O professor Richard Whitman,
diretor do Centro Europa Global (GEC, na sigla em inglês) da
Universidade de Kent, no Reino Unido, concorda que as atitudes dos
candidatos diante da imigração e dos pedidos de asilo vão ser questões
eleitorais decisivas.
E acrescenta dois temas de política externa à lista de preocupações comuns europeias.
"As
relações com os Estados Unidos, que talvez não sejam um grande tema de
campanha, serão importantes para que os candidatos se elejam.

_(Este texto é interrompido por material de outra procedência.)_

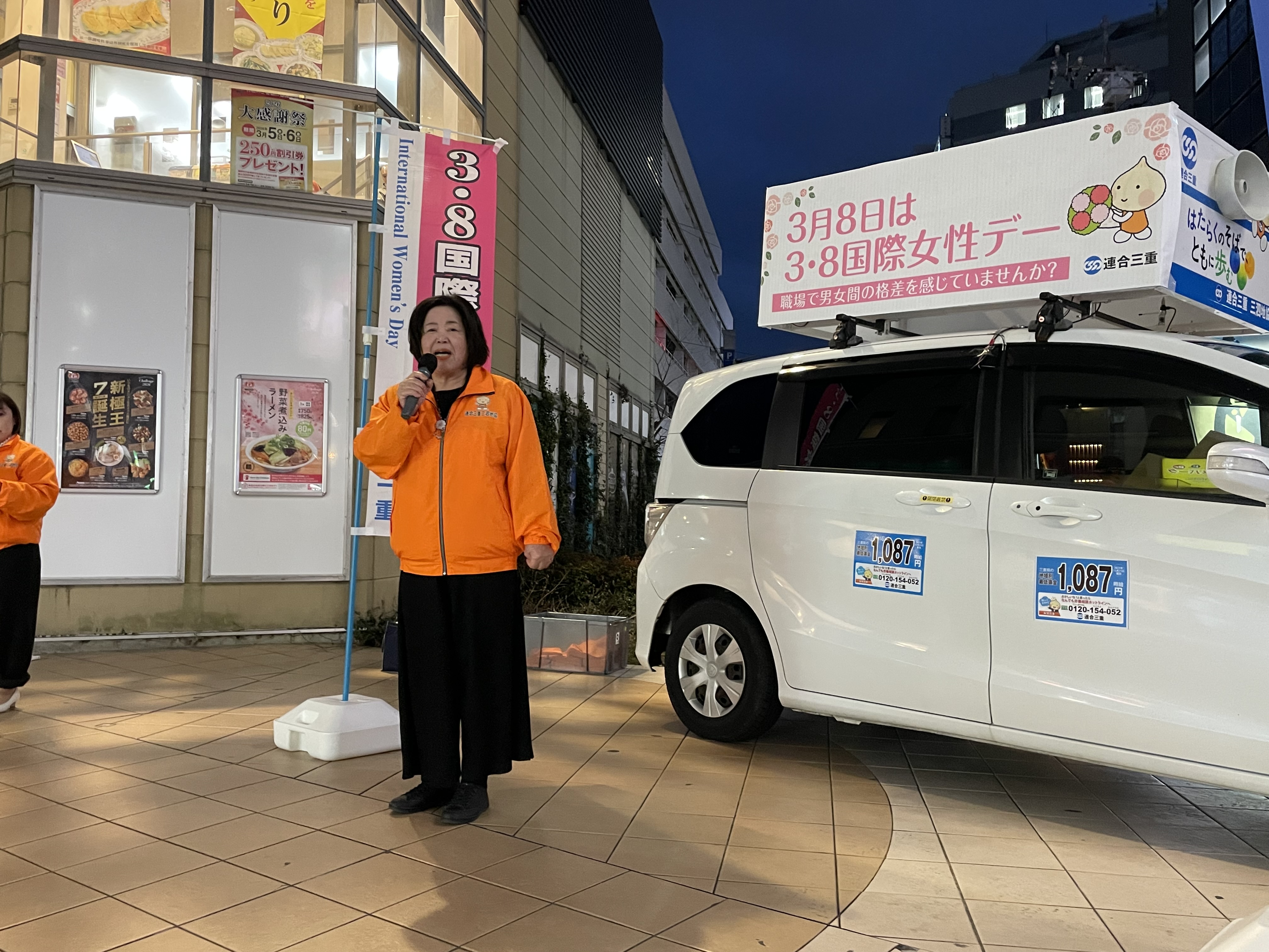 3月6日(金)18時より、近鉄四日市駅ふれあいモールにおいて、連合の日街頭宣伝行動(3.8国際女性デー)を実施しました。

Eles vão
ter que dizer como querem se relacionar com o governo Trump".
"E
outra questão será provavelmente o Brexit. Menos como tema principal de
campanha, mas para estabelecer como será feita a saída do Reino Unido",
sugere. "Há partidos, como a Frente Nacional, que farão campanha por uma
relação diferente entre França e UE caso ganhem. E isso é uma questão
existencial para a UE."
Os (inesperados) efeitos do Brexit
A
inesperada vitória do "sim" no plebiscito sobre a saída do Reino Unido
da UE, realizado em junho de 2016, foi o maior triunfo de grupos
eurocéticos na Europa até o momento.
No meses seguintes à
votação, falou-se de uma crise profunda no projeto europeu. No entanto,
passados quase sete meses, o resultado do Brexit pode causar um efeito
contrário na UE.
"O plebiscito no Reino Unido e os problemas que desencadeou chamam a
atenção de todos os eleitores da Europa. Segundo as pesquisas que vi,
desde julho as atitudes em relação à UE são mais positivas".
"As pessoas se deram conta do que está potencialmente em jogo com a saída da UE", sugere Christensen.
"Creio
que o que se espera de 2017, do ponto de vista da UE, é ver se
realmente os três grandes países que seguem no bloco depois do Brexit -
França, Alemanha e Itália - continuarão sendo pilares estáveis do
projeto europeu".
"Neste sentido, 2017 é um ano muito decisivo para a UE", conclui o analista.